* _EXERCISE REQUIREMENTS_
Give the data below again exactly as written, without its pictures.

Items listed in a dataset:
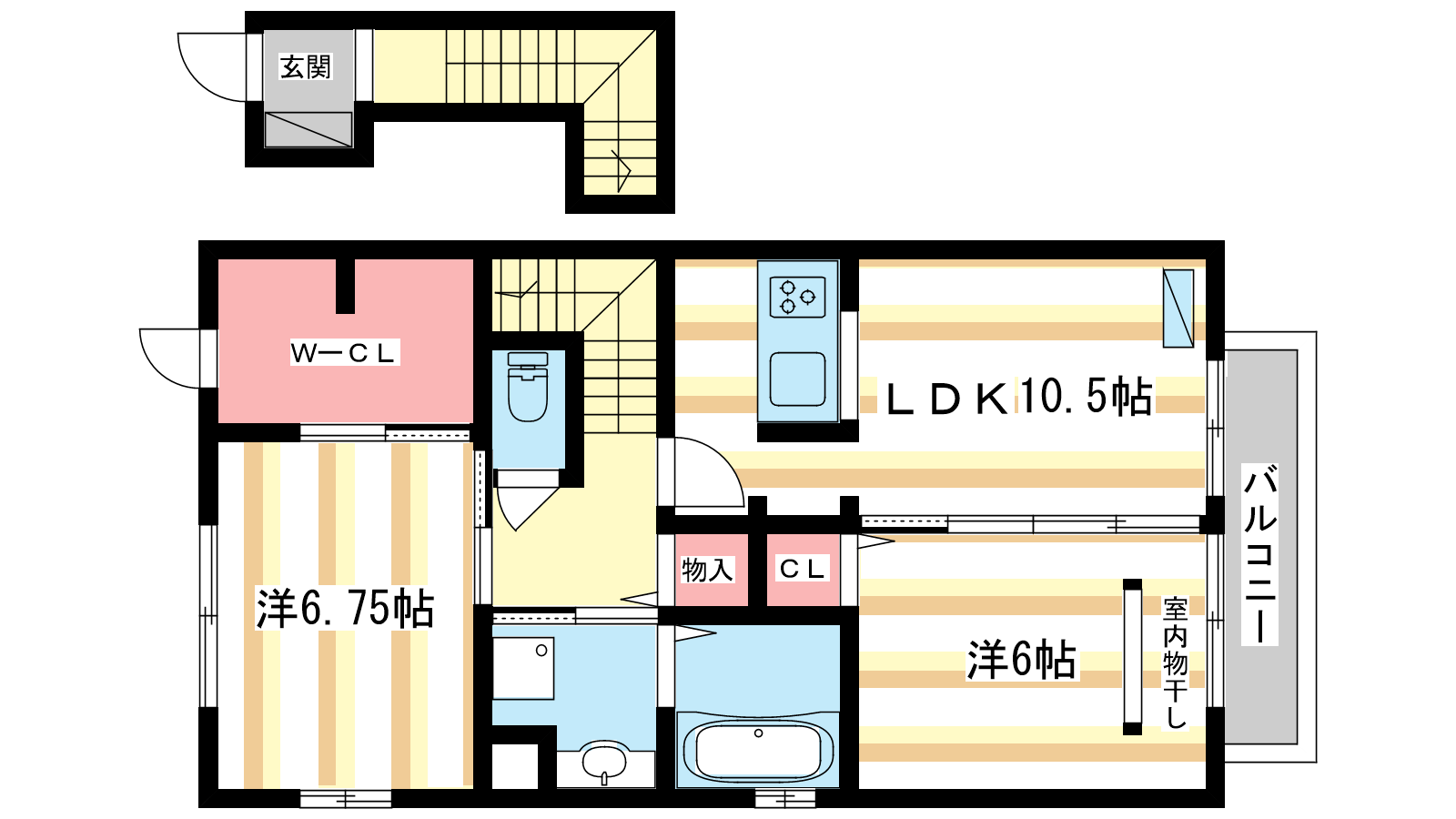 - LDK10.5帖、洋室6帖、洋室6.75帖
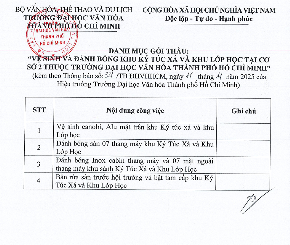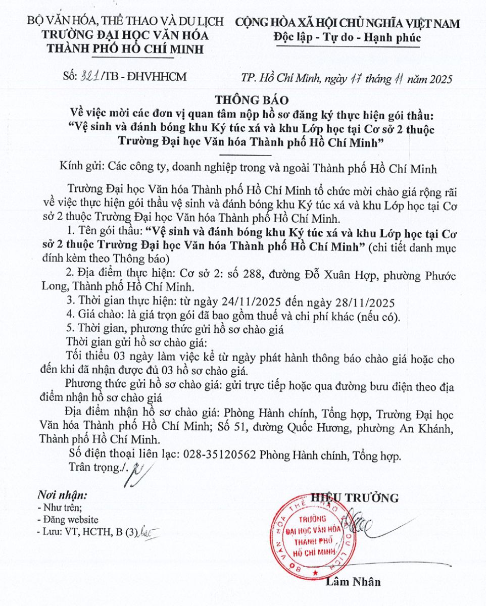 25.03.2026 Thông báo về việc mời các đơn vị quan tâm nộp hồ sơ đăng ký thực hiện gói thầu trang bị tủ gỗ đựng hồ sơ, bàn làm việc,... cho Trường Đại học Văn hóa Thành phố Hồ Chí Minh
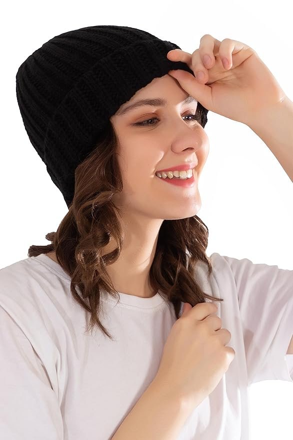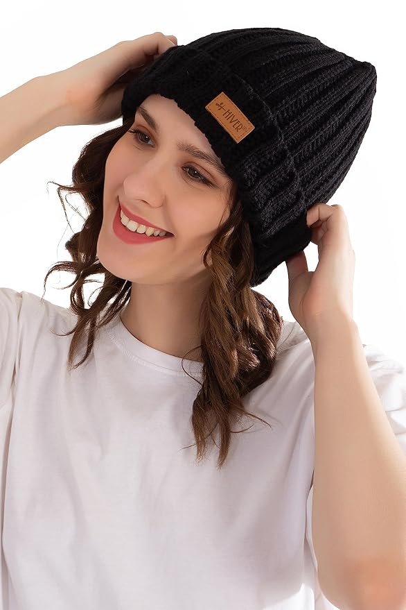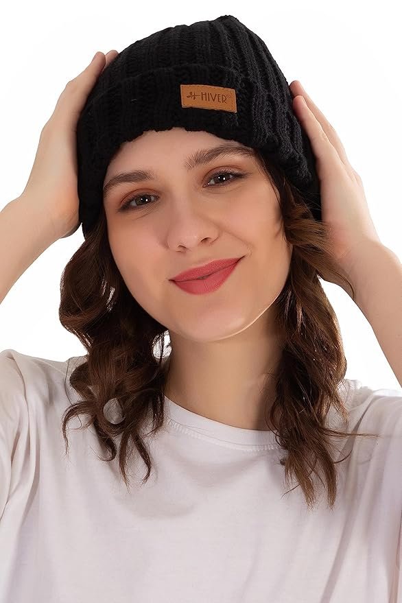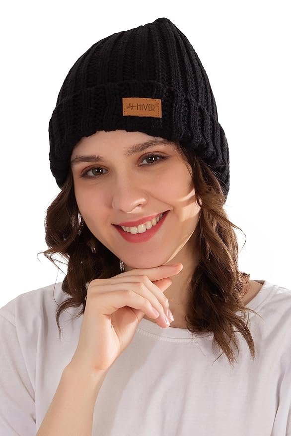 HIVER Acrylic Switz Winter Cap for Women Fleece Lined Beanie Knit Chunky Womens Snow Cap | Womens Knit Cuffed Beanie Cap Stretch Ribbed Acrylic Winter Ski Cap | Free Size
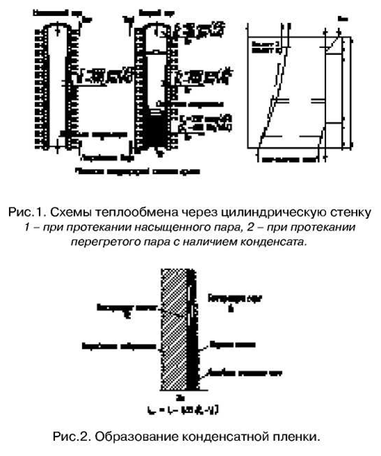 На рис. 1 представлены схемы теплообмена через цилиндрическую стенку от греющей среды (пар) к воде 1) при протекании насыщенного пара; 2) при протекании перегретого пара с наличием конденсата, которые, как показывает практика, можно положить в основу практических расчетов. Из температурного графика видно, что в случае 2 температура нагреваемого вида ниже, если перегретый пар подпитывается, а конденсат скапливается.
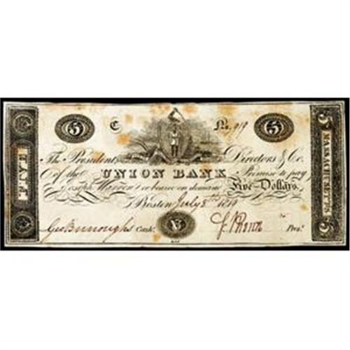 Haxby MA-385-C104b. A sharp looking counterfeit from plates copied from Reed. Massachusetts seal at the top center. Fully issued, signed and dated 1819. Some minor foxing, but quite attractive.

* _TASK OUTPUT_
 - LDK10.5帖、洋室6帖、洋室6.75帖
 25.03.2026 Thông báo về việc mời các đơn vị quan tâm nộp hồ sơ đăng ký thực hiện gói thầu trang bị tủ gỗ đựng hồ sơ, bàn làm việc,... cho Trường Đại học Văn hóa Thành phố Hồ Chí Minh
 HIVER Acrylic Switz Winter Cap for Women Fleece Lined Beanie Knit Chunky Womens Snow Cap | Womens Knit Cuffed Beanie Cap Stretch Ribbed Acrylic Winter Ski Cap | Free Size
 На рис. 1 представлены схемы теплообмена через цилиндрическую стенку от греющей среды (пар) к воде 1) при протекании насыщенного пара; 2) при протекании перегретого пара с наличием конденсата, которые, как показывает практика, можно положить в основу практических расчетов. Из температурного графика видно, что в случае 2 температура нагреваемого вида ниже, если перегретый пар подпитывается, а конденсат скапливается.
 Haxby MA-385-C104b. A sharp looking counterfeit from plates copied from Reed. Massachusetts seal at the top center. Fully issued, signed and dated 1819. Some minor foxing, but quite attractive.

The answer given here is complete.